Серафима, тяжело дыша после поцелуя, накрыла своей ладонью ладонь Отличника, шепча ему в лицо:
— Она по размеру как специально для твоей руки… Ты ее как котенка гладишь… У нас будет все по-настоящему?..
— Конечно… — сдавленно ответил Отличник.
— Я боюсь… — обнимая Отличника за шею, шептала Серафима. — Я очень боюсь…
— Не бойся… не бойся, родная моя… — в какой-то судороге, ломающей голос и тело, твердил Отличник.
Он тыкался, как щенок в блюдечко с молоком, давясь, глотал воздух, а по груди и животу, словно обморожение, тихо расползался холод отчаяния.
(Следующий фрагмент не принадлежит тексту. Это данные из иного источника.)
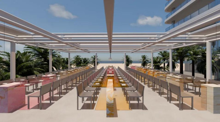 由石材与半透明玻璃拼接的长桌,在露台上被拉至近二十米长,宛若一道从建筑延伸向大海的光带。光源并非传统灯具,而是来自光纤嵌入材质后的“内部发光”。多重材质的折射、逐层堆叠的光晕、风吹过玻璃时产生的微光颤动,全都构成了一个无需语言却高度叙事的场面。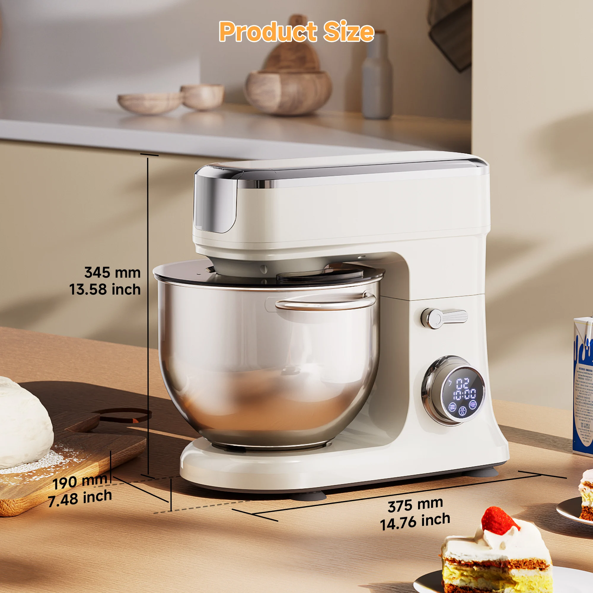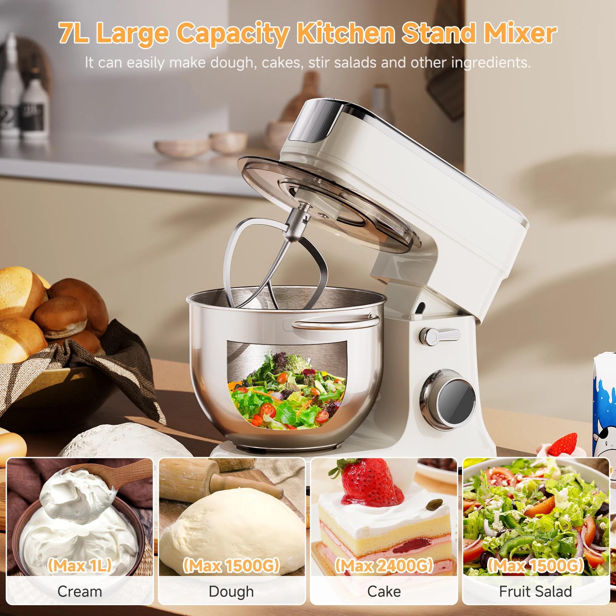【Strong Motor & 7L Bowl】The food mixers feature a powerful 1200W DC motor, delivering robust performance for mixing, kneading, and whipping tasks. More powerful motor but lower operation noise 68-75dB. 7L stainless steel bowl offers ample capacity.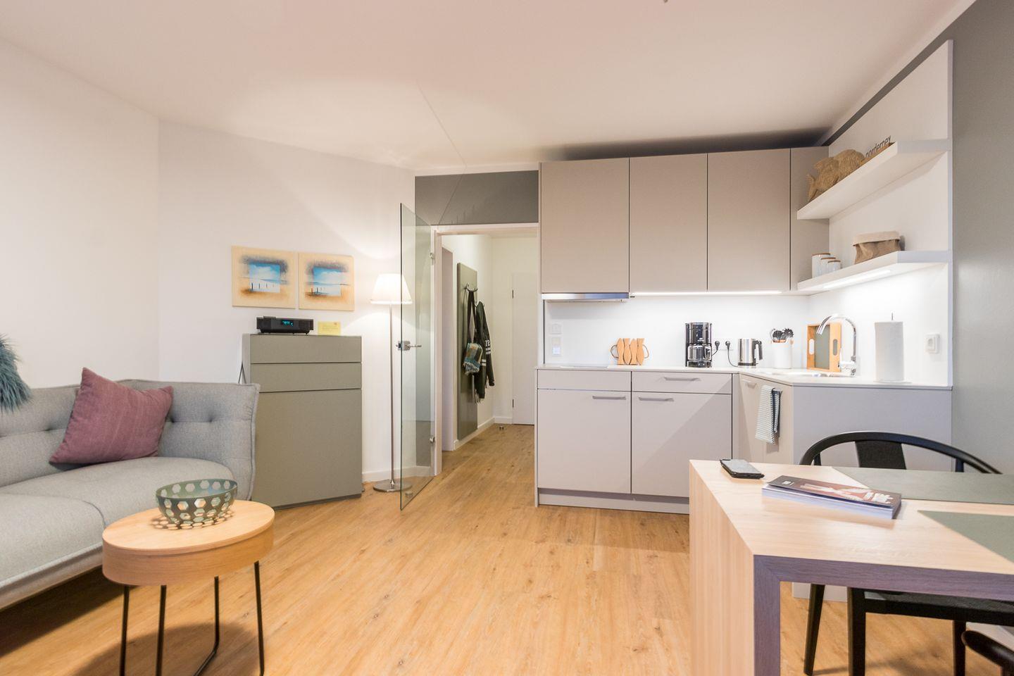 Auch, weil unsere Ferienwohnungen mehr als einfach nur Standards setzen. Die komfortable 2-Zimmer-Wohnung im 1. OG mit ca. 45 m² Wohnfläche wurde im November 2018 komplett neu renoviert und möbliert. Sie verfügt über eine im großzügigen Wohnraum komplett eingerichtete Küchenzeile mit Geschirrspüler.
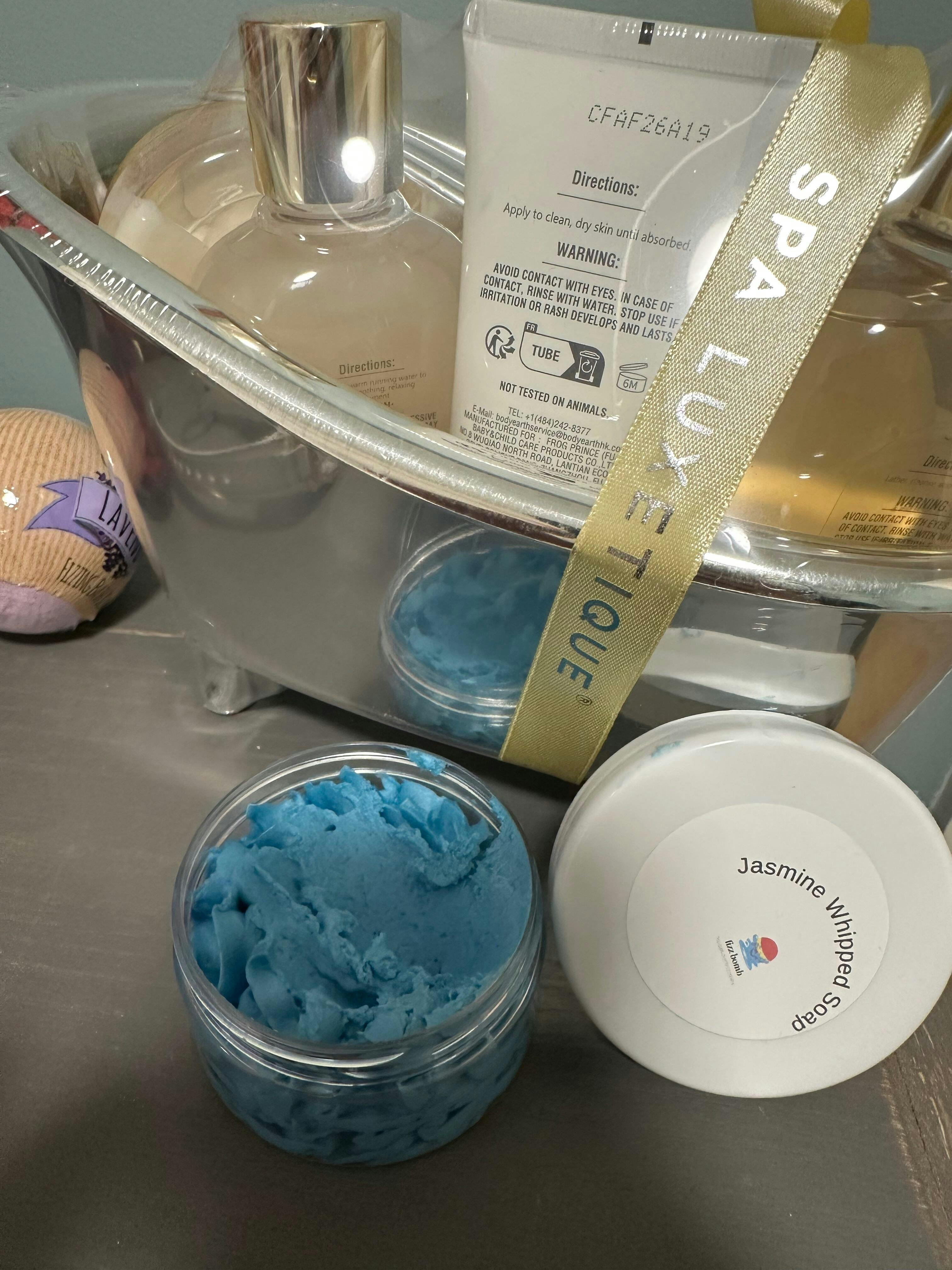 Indulge in our artisanal Jasmine Whipped Soap, meticulously crafted and hand-piped to perfection. This luxurious teal-hued creation combines the delicate floral notes of jasmine with a cloud-like whipped texture that transforms your daily cleanse into a sensory experience. Each bar is made from scratch using premium ingredients, ensuring a gentle yet effective formula that pampers your skin. The expert craftsmanship behind every batch guarantees a product of exceptional quality and distinction.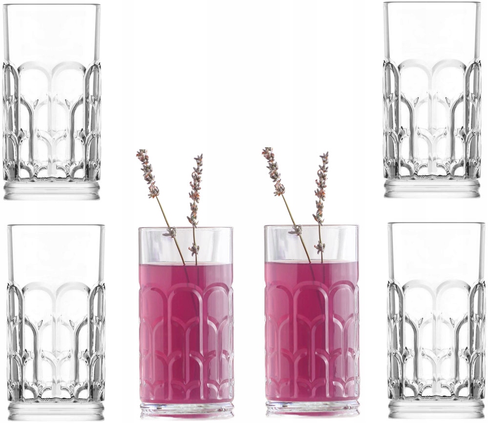 Wysokie ozdobne szklanki do wody drinków napoi ARH440F 6 sztuk 390ml LAV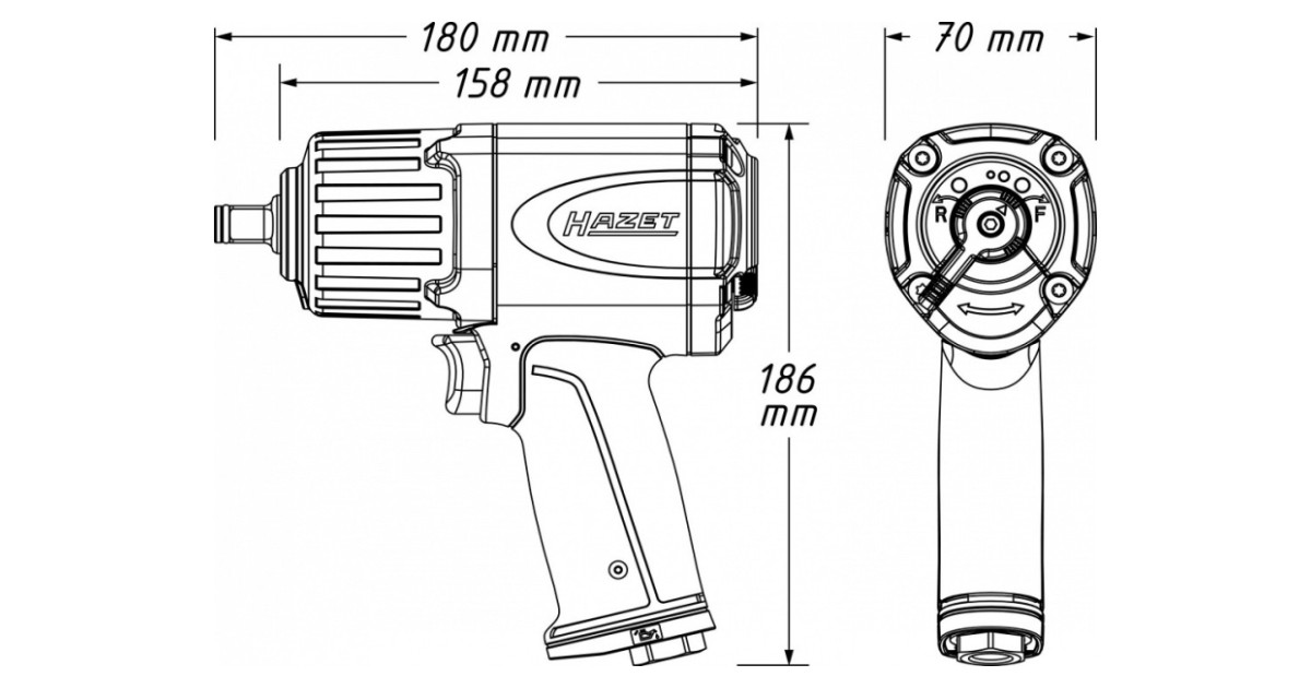 HAZET taskukohane mudel. Tugeva korpusega ja mehhanismiga 1/2" mutrikeeraja HAZET 9012ECO on vastupidava puks-löökmehhanismiga. Max moment lahti keeramisel kuni 1700 Nm. Kasutamiseks auto- ja tehnika remondi ettevõtetes jne. Käepidemes olev termoisolatsioon tagab. et õhuvool seda liigselt ei jahutaks. Õhuvooliku soovitatav siseläbimõõt jõudluse tagamiseks peab olema min 10 mm. Lülitus käib mugavalt tagakaanelt (1 lahti. 3 kinni). Õhuliides 1/4". Töörõhk 6.3 bar. müratase 91.33 db. õhukulu 198 l/min. Kaal 2.15 kg.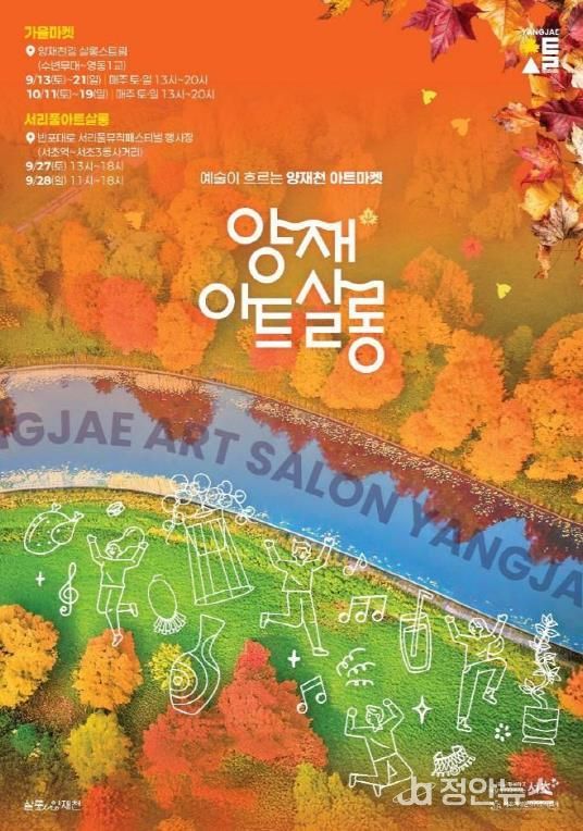 서울 서초구는 오는 13일부터 10월 19일까지 양재천 수변무대부터 영동1교에 이르는 구간인 ‘양재천길 살롱스트림’에서 ‘양재아트살롱 가을마켓’을 운영한다고 밝혔다.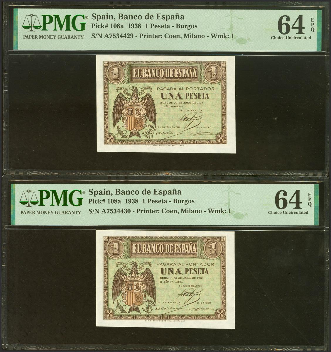 English 1 Peseta. April 30, 1938. Correlative pair. Series A. (Edifil 2021: 428, Pick: 108a). Original sizing. Uncirculated. PMG64EPQ packages, both.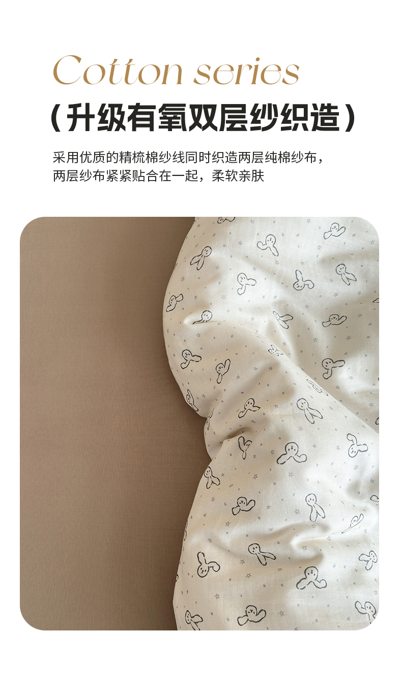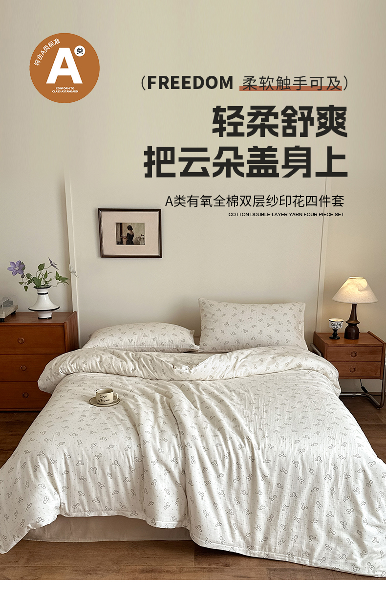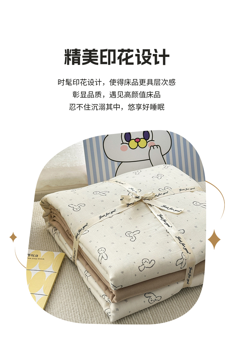 当前位置: 91家纺网 > 商品网购 > 床品套件 > 四件套 > 双层纱四件套 > 亿梵家居 2025新款A类母婴级有氧全棉纯棉双层纱纯棉印花四件套-床拍图 心萌兔

Отличник не выдержал и сел над Серафимой на колени, стал мять горло трясущейся рукой. Ветер из приоткрытого окна качнул занавеску.
Серафима лежала опустив руки, закрыв глаза, запрокинув голову. Грудь ее вздрогнула, и на виске в лунном свете вдруг блеснула искорка. Серафима шмыгнула носом.
— А может, и так хорошо?.. — глухо спросила она.
— Не реви, — ответил ей Отличник, потянулся к ней и губами стал стирать с лица слезы. — Все у нас получится…
Он подался вперед, вверх, и неожиданно почувствовал, что легко, тихо, плавно входит в нее, только странная, несильная, но яркая боль удивила его да непривычное ощущение оголения и теплой защищенности.
— А-ай… — прошептала Серафима, открывая на Отличника огромные глазища: лунно-прозрачные, словно залитые дождем, в веере испуганно разлетевшихся ресниц.
— Вот видишь… — обнимая Серафиму под лопатки, радостно говорил Отличник, и душа его словно плавилась от любви к Серафиме, от благодарности. Серафима приоткрыла для него губы, а руки ее замкнулись на его спине и сами собою подтянулись ноги.
Отличник видел перед собой только полные ведра ее внимательных, любящих, восторженных глаз. И уже делая что-то, что выплыло из глубин инстинктов жизни, он медленно сходил с ума. Луна словно вкатилась в его голову. Панцирная сетка под матрасом нагло, ликующе и беззаботно запела голосом нелепого жестяного соловья. Отличнику передалась дрожь, вдруг сотрясшая тело Серафимы. Серафима задышала тяжело и часто, по-собачьи, и перед тем, как последняя волна укрыла его с головой, Отличник еще успел увидеть и услышать, как прыгающие губы Серафимы чуть слиплись, пропуская одно только слово:
— М-мама…
Будильник еще не успел доорать до конца завода, а Серафиму уже сдуло с кровати. Отличник поглядел на циферблат и застонал — было еще полседьмого. А утро давно уже расселось повсюду в комнате — на столе, на шкафу, на книжной полке, в зеркале, в чайнике, в глянцевом календаре — и следило за Отличником прохладными, чистыми глазами. Серафима бегала от шкафа к тумбочке, доставала плечики с платьями, махала юбками, рылась в белье, вытягивая из него что-то неопознаваемое, рассматривала и заталкивала обратно. Ее кудрявая грива стояла дыбом, как наэлектризованная, и можно было подумать, что от суматохи у Серафимы задымилась голова.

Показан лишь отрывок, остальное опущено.